» What to produce: Please reproduce all the data exactly as written and omit the pictures.

[Source information]

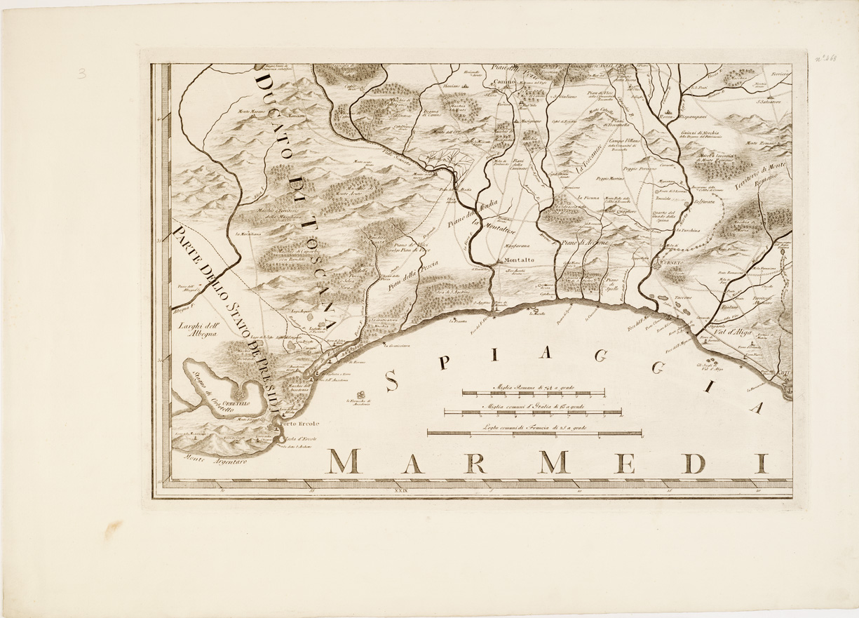 "Quattro fogli incisi su rame. Orientazione: il nord è spostato a sinistra. Orografia prospettica a monticelli. Abitati principali rappresentati in pianta gli altri in prospettiva. Sono tracciate le strade. Sono indicate le vegetazioni. Il foglio nord orientale contiene la dedica a Pio VI firmata da Giuseppe Morozzo Limiti: nord, Orvieto sud, Mare Mediterraneo ovest, Rocca Albegna est, Roma. Manca il foglio sud occidentale. La copia d'Archivio è completa in quattro fogli riuniti e montati su tela, delle dimensioni complessive di m. 0,76x1,11."
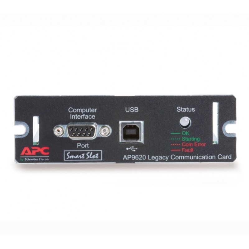 The Legacy Communications SmartSlot Card provides serial communications support for the UPS-Link protocol for SC, SMC, SMX, SMT, SURTD, SRT UPS models. These UPS devices no longer communicate using the UPS-Link protocol. The Legacy Communications Card can be used for custom applications using the UPS-Link protocol.
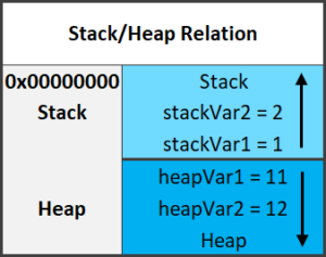 In the diagram above, stackVar1 was created before stackVar2, likewise for the heap variables.
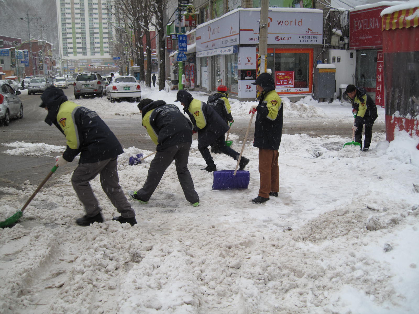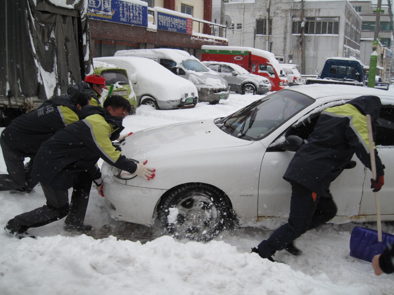 시민들로 부터 큰 호응를 얻었고 눈길에 빠저있는 차량도 힘을 합하여 밀어주었다
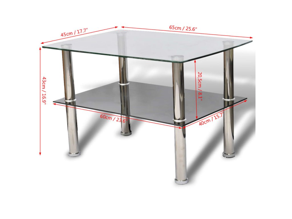 Konferenčný stolík pozostáva z tvrdeného skla a pevných nôh z nehrdzavejúcej ocele. Priestor medzi vrchnou doskou a policou skvele poslúži na odkladanie rôznych vecí.
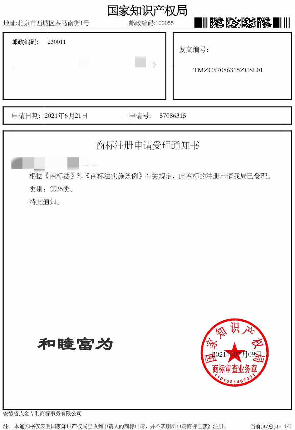 第35类“和睦富为”商标受理通知书

[/Source information]

» Solution to this exercise:
 "Quattro fogli incisi su rame. Orientazione: il nord è spostato a sinistra. Orografia prospettica a monticelli. Abitati principali rappresentati in pianta gli altri in prospettiva. Sono tracciate le strade. Sono indicate le vegetazioni. Il foglio nord orientale contiene la dedica a Pio VI firmata da Giuseppe Morozzo Limiti: nord, Orvieto sud, Mare Mediterraneo ovest, Rocca Albegna est, Roma. Manca il foglio sud occidentale. La copia d'Archivio è completa in quattro fogli riuniti e montati su tela, delle dimensioni complessive di m. 0,76x1,11."
 The Legacy Communications SmartSlot Card provides serial communications support for the UPS-Link protocol for SC, SMC, SMX, SMT, SURTD, SRT UPS models. These UPS devices no longer communicate using the UPS-Link protocol. The Legacy Communications Card can be used for custom applications using the UPS-Link protocol.
 In the diagram above, stackVar1 was created before stackVar2, likewise for the heap variables.
 시민들로 부터 큰 호응를 얻었고 눈길에 빠저있는 차량도 힘을 합하여 밀어주었다
 Konferenčný stolík pozostáva z tvrdeného skla a pevných nôh z nehrdzavejúcej ocele. Priestor medzi vrchnou doskou a policou skvele poslúži na odkladanie rôznych vecí.
 第35类“和睦富为”商标受理通知书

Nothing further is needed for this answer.